Fine-grained Multi-class Nuclei Segmentation with Molecular-empowered All-in-SAM Model
- URL: http://arxiv.org/abs/2508.15751v1
- Date: Thu, 21 Aug 2025 17:49:21 GMT
- Title: Fine-grained Multi-class Nuclei Segmentation with Molecular-empowered All-in-SAM Model
- Authors: Xueyuan Li, Can Cui, Ruining Deng, Yucheng Tang, Quan Liu, Tianyuan Yao, Shunxing Bao, Naweed Chowdhury, Haichun Yang, Yuankai Huo,
- Abstract summary: We propose the molecular-empowered All-in-SAM Model to advance computational pathology.<n>This model incorporates a full-stack approach, focusing on: (1) annotation-engaging lay annotators through molecular-empowered learning to reduce the need for detailed pixel-level annotations, and (2) learning-adapting the SAM model to emphasize specific semantics.

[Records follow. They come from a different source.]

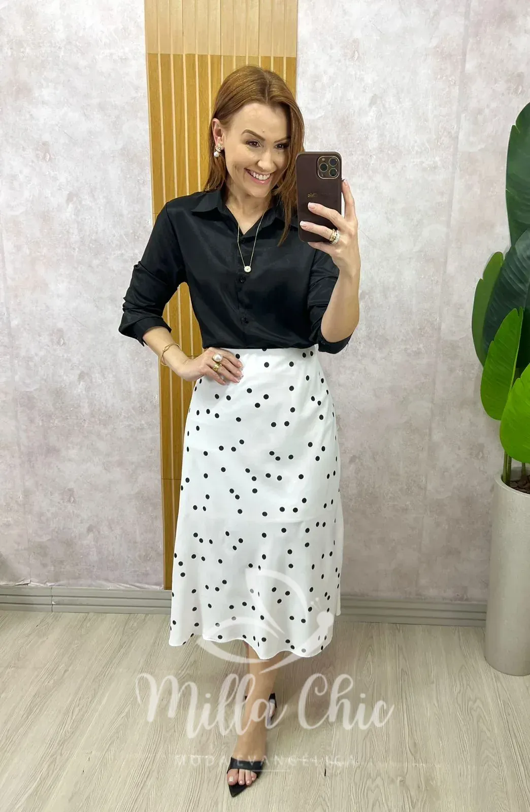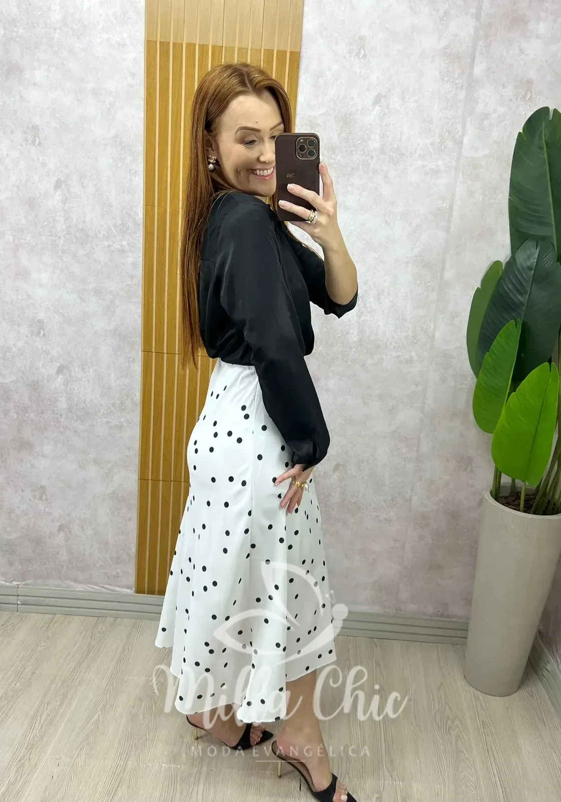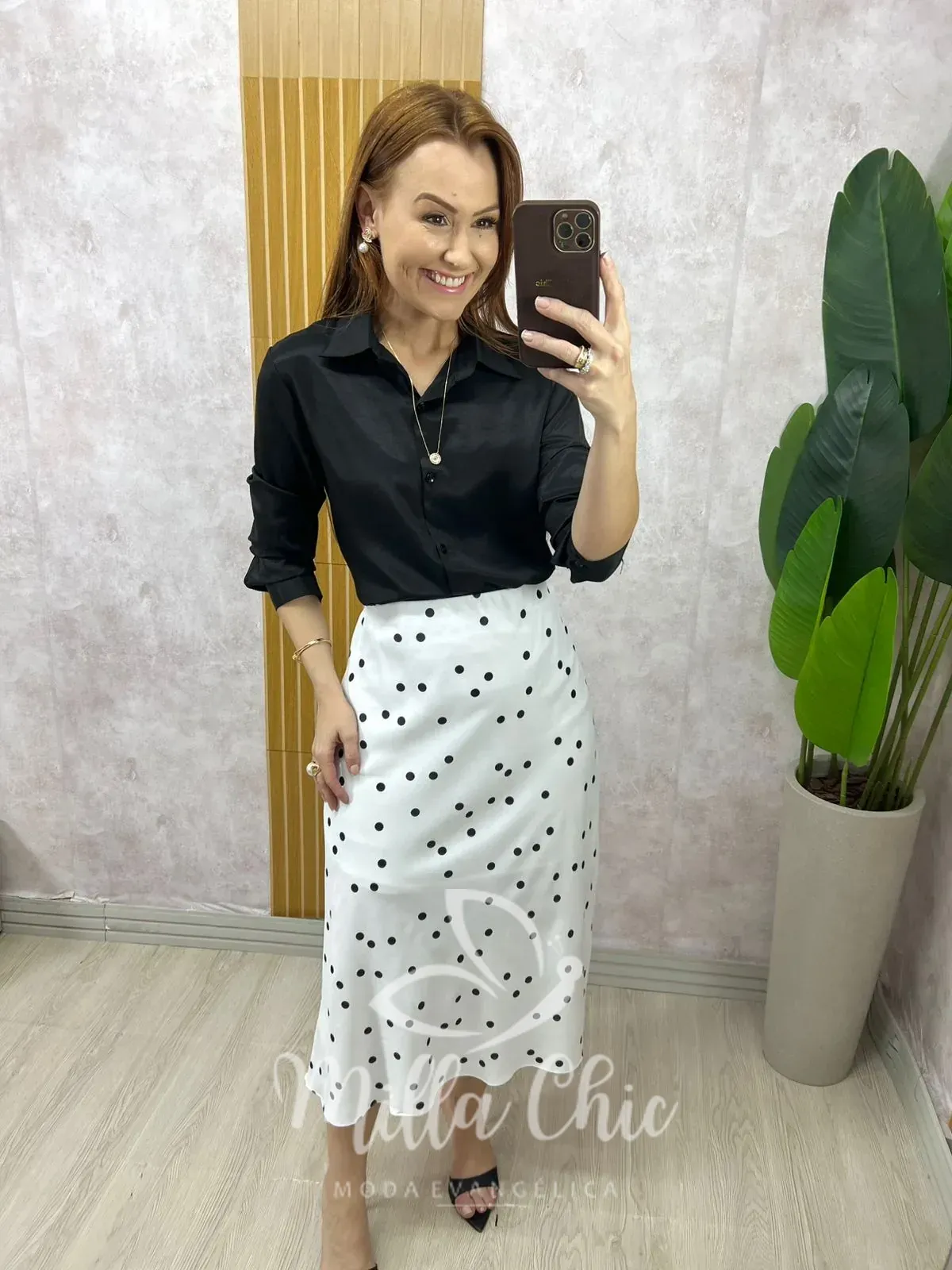 Saia midi em crepinho, com caimento impecável que valoriza o corpo de forma elegante e natural. Sua modelagem foi pensada para vestir perfeitamente, acompanhando a silhueta com leve fluidez.
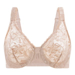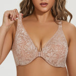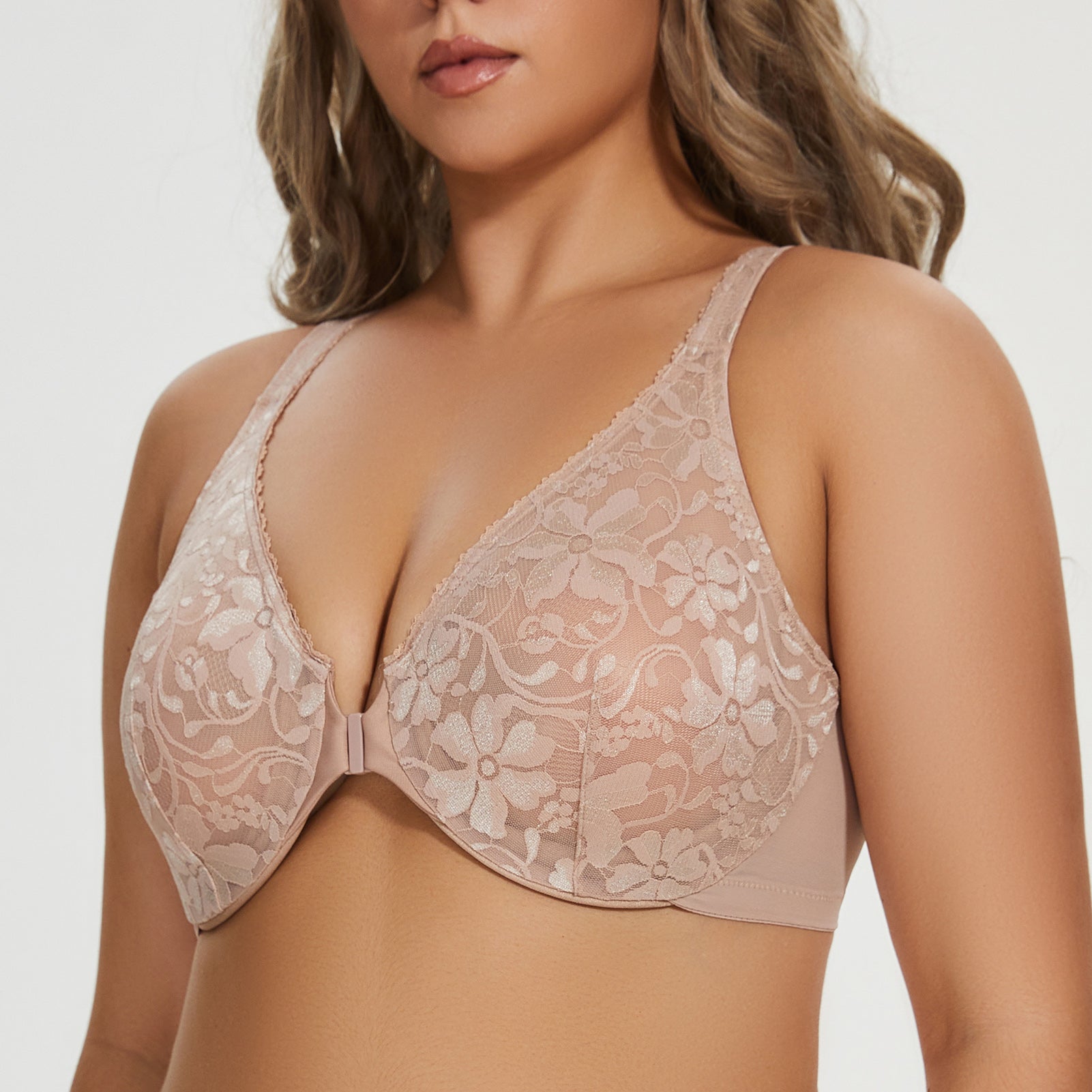 A pretty, stretch lace, front-close leisure bra that's perfect for plus sizes. The special underwire - flexible underwire - and a fiberfill cushioned band guarantees comfort.
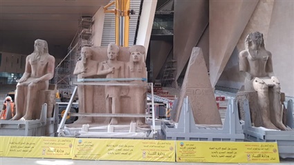 وقال الدكتور الطيب عباس مدير عام الشؤون الاثرية بالمتحف المصري الكبير، ان هذه القطع كانت معروضة بحديقة المتحف المصري بالتحرير و تشمل تمثالين من الجرانيت الوردي للملك سنوسرت الأول وثالوث للملك رمسيس الثاني والإله بتاع والمعبودة سخمت من الجرانيت الوردي، يبلغ وزنه ٢٠طن و رأس مسلة للملكة حتشبسوت من الجرانيت الأحمر نحت عليها ألقاب التتويج الخاصة بها و نقش يصور الآلة آمون، ويبلغ وزنها ١٤ طن.
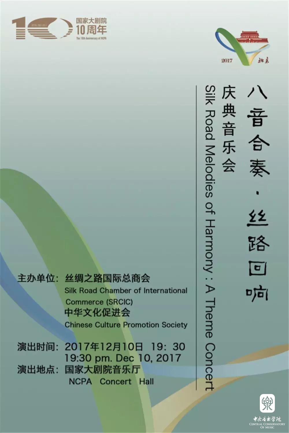 2017年12月10日晚,由丝绸之路国际总商会、中华文化促进会主办,KY开元集团官网交响乐团和弹拨乐团共同演出的“八音合奏•丝路回响”庆典音乐会在国家大剧院音乐厅上演。本场音乐会由新一代杰出指挥家、KY开元集团官网指挥系陈琳教授和国家一级指挥、中国广播电影交响乐团、广播民族乐团常任指挥张列先生分别执棒KY开元集团官网交响乐团和弹拨乐团。
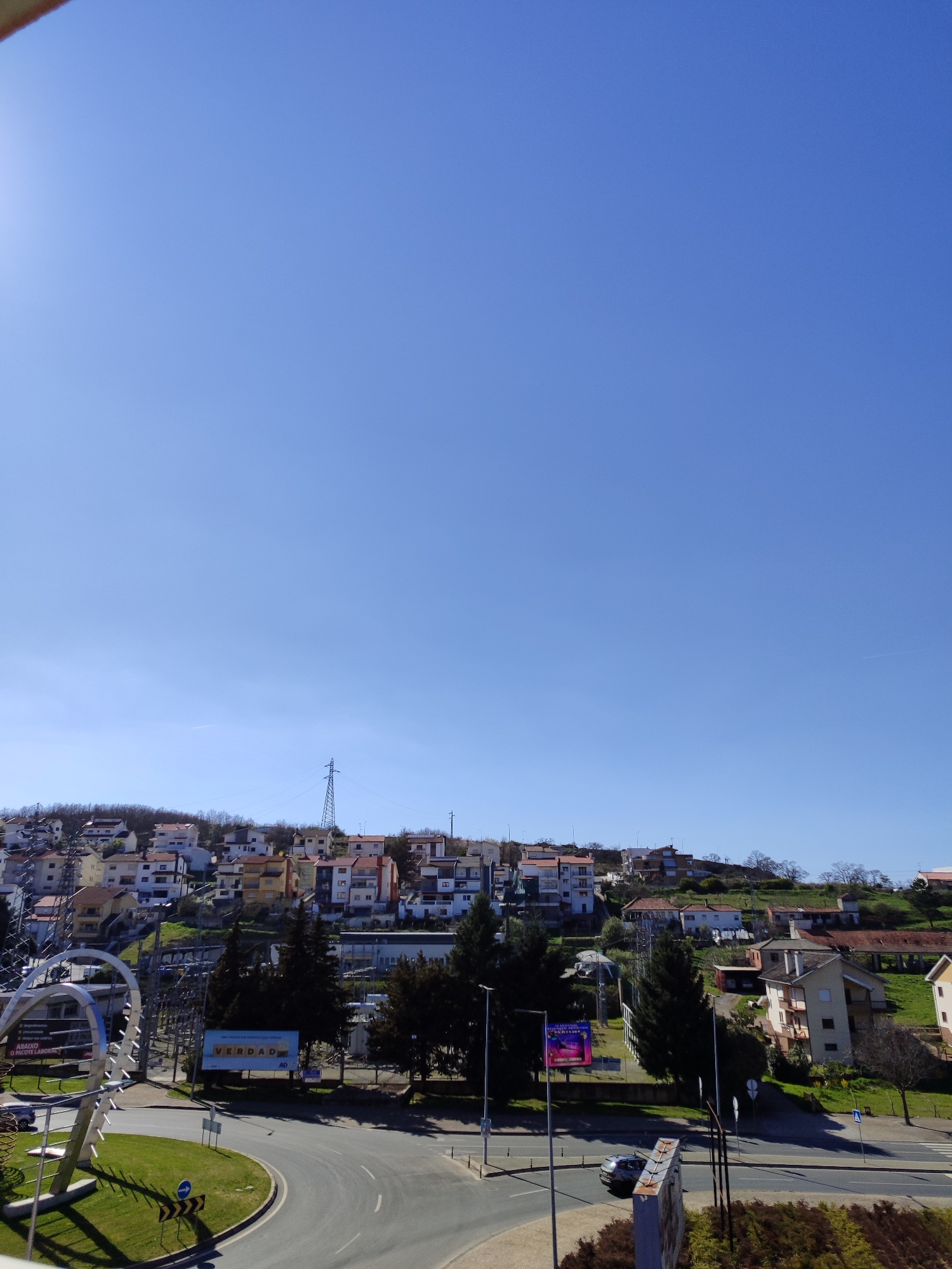 The image presents an elevated, panoramic view of a hilly urban-suburban environment under a clear, bright blue sky. A distinct sun flare is visible in the upper left corner, with a faint white contrail present in the upper right. In the foreground, a multi-lane asphalt road curves from the left towards the right, forming a roundabout or complex intersection. A central grassy median within the road features a large, modern metallic sculpture composed of multiple curved, open-frame elements. Road markings, including white lines and a blue directional arrow sign indicating a right turn, are visible on the asphalt and central island. Several utility poles and streetlights line the road. Two prominent billboards are present: a rectangular billboard on the right displays the word "VERDAD," and a vertical banner further right features vibrant pink and purple colors, with the text "NIGHT CLUB" partially legible. A light-colored sedan is parked on the right side of the road, facing away from the viewer, while another dark vehicle is partially obscured behind the metallic sculpture. No individuals are discernible. The background is characterized by densely packed residential buildings constructed on undulating green hills. These structures are primarily two to three stories high, exhibiting various architectural styles with diverse facade colors and pitched, tiled roofs. A tall metal electricity transmission tower stands prominently on the main hill, slightly left of center. Scattered patches of trees, including dark green conifers and leafless deciduous trees, populate the hillsides and intersperse among the buildings. The location is an unnamed city within an unnamed country.
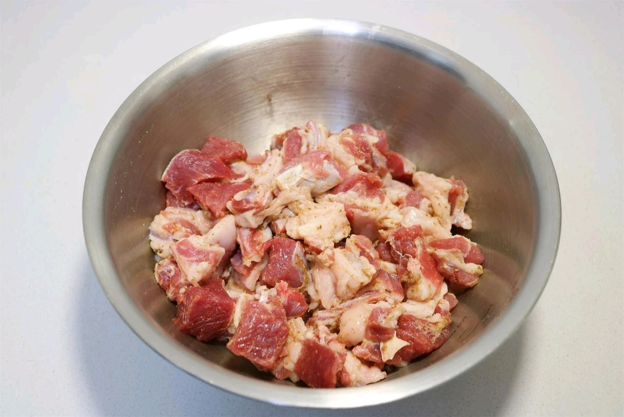 2、羊肉洗净,切成小块。

- Score: 15.622506758735476
- License: http://creativecommons.org/licenses/by/4.0/
- Abstract: Purpose: Recent developments in computational pathology have been driven by advances in Vision Foundation Models, particularly the Segment Anything Model (SAM). This model facilitates nuclei segmentation through two primary methods: prompt-based zero-shot segmentation and the use of cell-specific SAM models for direct segmentation. These approaches enable effective segmentation across a range of nuclei and cells. However, general vision foundation models often face challenges with fine-grained semantic segmentation, such as identifying specific nuclei subtypes or particular cells. Approach: In this paper, we propose the molecular-empowered All-in-SAM Model to advance computational pathology by leveraging the capabilities of vision foundation models. This model incorporates a full-stack approach, focusing on: (1) annotation-engaging lay annotators through molecular-empowered learning to reduce the need for detailed pixel-level annotations, (2) learning-adapting the SAM model to emphasize specific semantics, which utilizes its strong generalizability with SAM adapter, and (3) refinement-enhancing segmentation accuracy by integrating Molecular-Oriented Corrective Learning (MOCL). Results: Experimental results from both in-house and public datasets show that the All-in-SAM model significantly improves cell classification performance, even when faced with varying annotation quality. Conclusions: Our approach not only reduces the workload for annotators but also extends the accessibility of precise biomedical image analysis to resource-limited settings, thereby advancing medical diagnostics and automating pathology image analysis.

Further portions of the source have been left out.